Can someone give me a proof or a reference to a proof.

  • $\begingroup$ Dear @user25575: It is best to supply title, author, etc, of link, so we can reconstruct the link in case of future link rot. $\endgroup$
    – Qmechanic
    Jun 9, 2013 at 10:06
  • $\begingroup$ Astronomie et Astrophysique: cinq grandes idees pour explorer et comprendre l'univers by seguin and villeneuve (2nd ed). this book is in french, you can download it from the 4shared link above $\endgroup$
    – user5402
    Jun 9, 2013 at 14:28
  • $\begingroup$ Note that sometimes it is important to distinguish between the object as a whole, and the emitting region. This can be important for things like pulsars - which can emit primarily from 'hot-spots $\endgroup$ Jun 9, 2013 at 23:16

1 Answer 1


This is equivalent to the statement that the variations occur slower than the frequency produced by light that oscillates between the opposite points of the celestial object. But that's true because of special relativity simply because no signal can propagate faster than light.

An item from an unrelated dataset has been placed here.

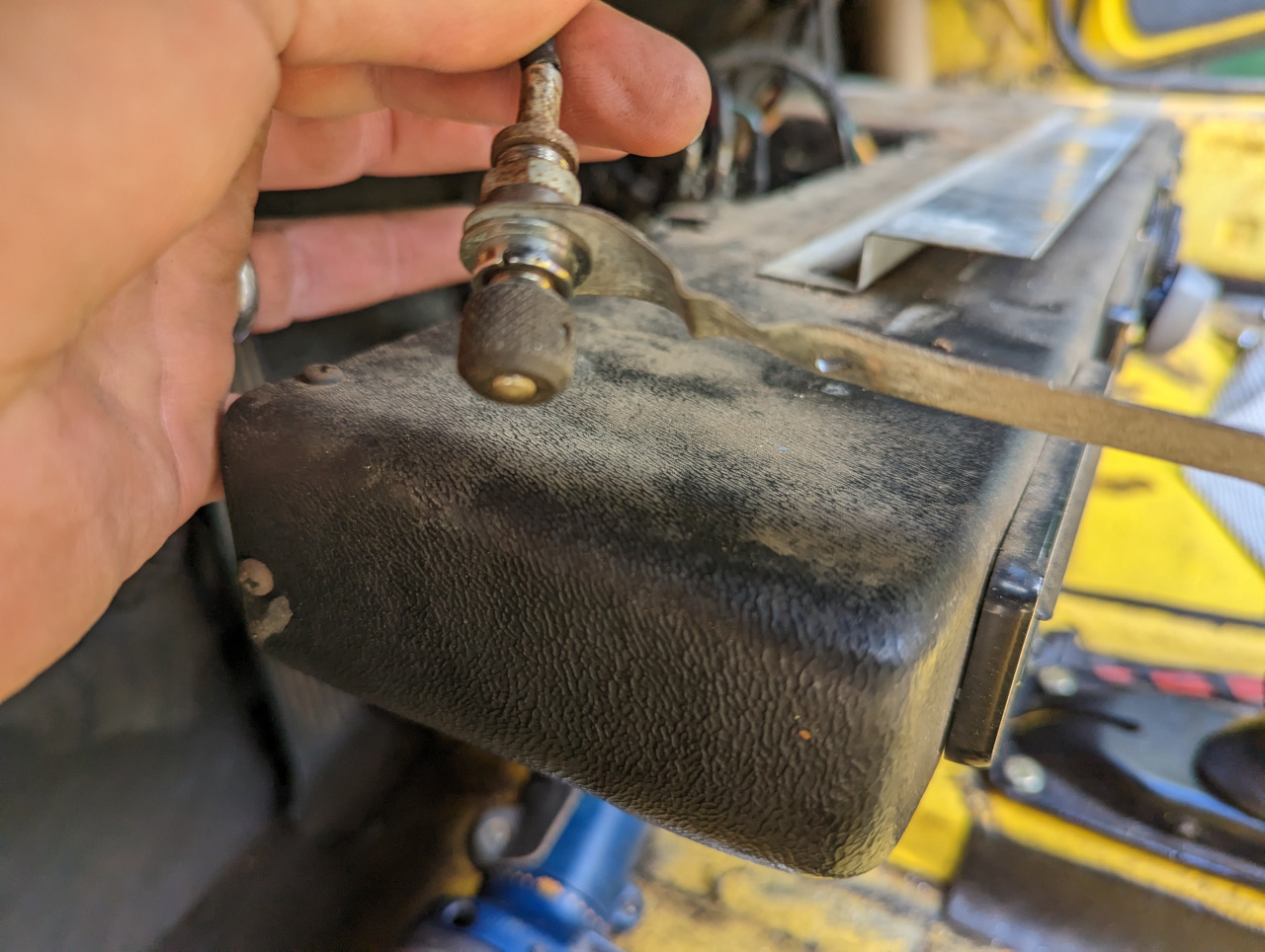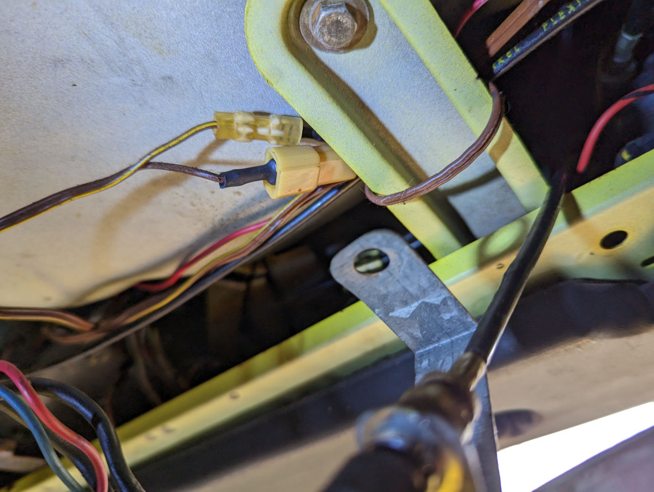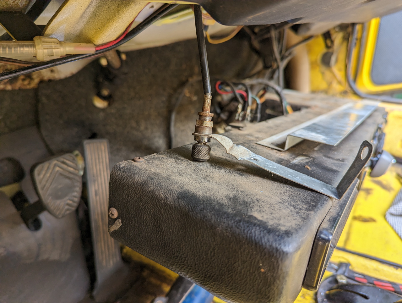 While peeling off the nasty 50 year old Perlon carpeting, I dropped the dealer-installed A/C unit on my 1973 1.7L. I found that there was a weird control knob connected to a small metal bracket that was pop-riveted to the back of the under-dash A/C unit. It was also secured to the underside of the dash with a 1/4" sheet metal screw. The cable that extends from the switch goes up into the instrument area, and it does not appear to be related to the A/C unit itself. Any ideas what it could be? Possibly a felonious odometer rollback device? The odometer is ganked on the car, it reads 4500. But just wondering if anyone has seen something like this before? TIA, -- mike |

The variations of the celestial object occur because of a signal – e.g. some pressure waves are moving from one side to another – and these waves are able to transmit information. If the variations of the objects were faster than light, in the sense discussed above, they would allow us to propagate the information faster than light. For a realistic model, we must really talk about waves that are similar to the standing waves, not waves that move indefinitely in one direction, but they're superpositions of two oppositely moving waves with a well-defined direction and their speed is therefore limited as well.

The precise numerical prefactor in the inequality may require some extra discussion that depends on the type of the signals that make the object variable. In most cases, the objects are vastly smaller than the limit because the waves causing the variability are a form of "sound" which is much slower than the light, at least in ordinary enough materials. With more exotic materials, one can get closer to the speed-of-light limit.

For example, the diameter of the Earth is 13,000 km or so, about 0.04 light seconds. Light only needs 0.04 seconds to travel this distance. All the inner cycles of the Earth take a much longer time.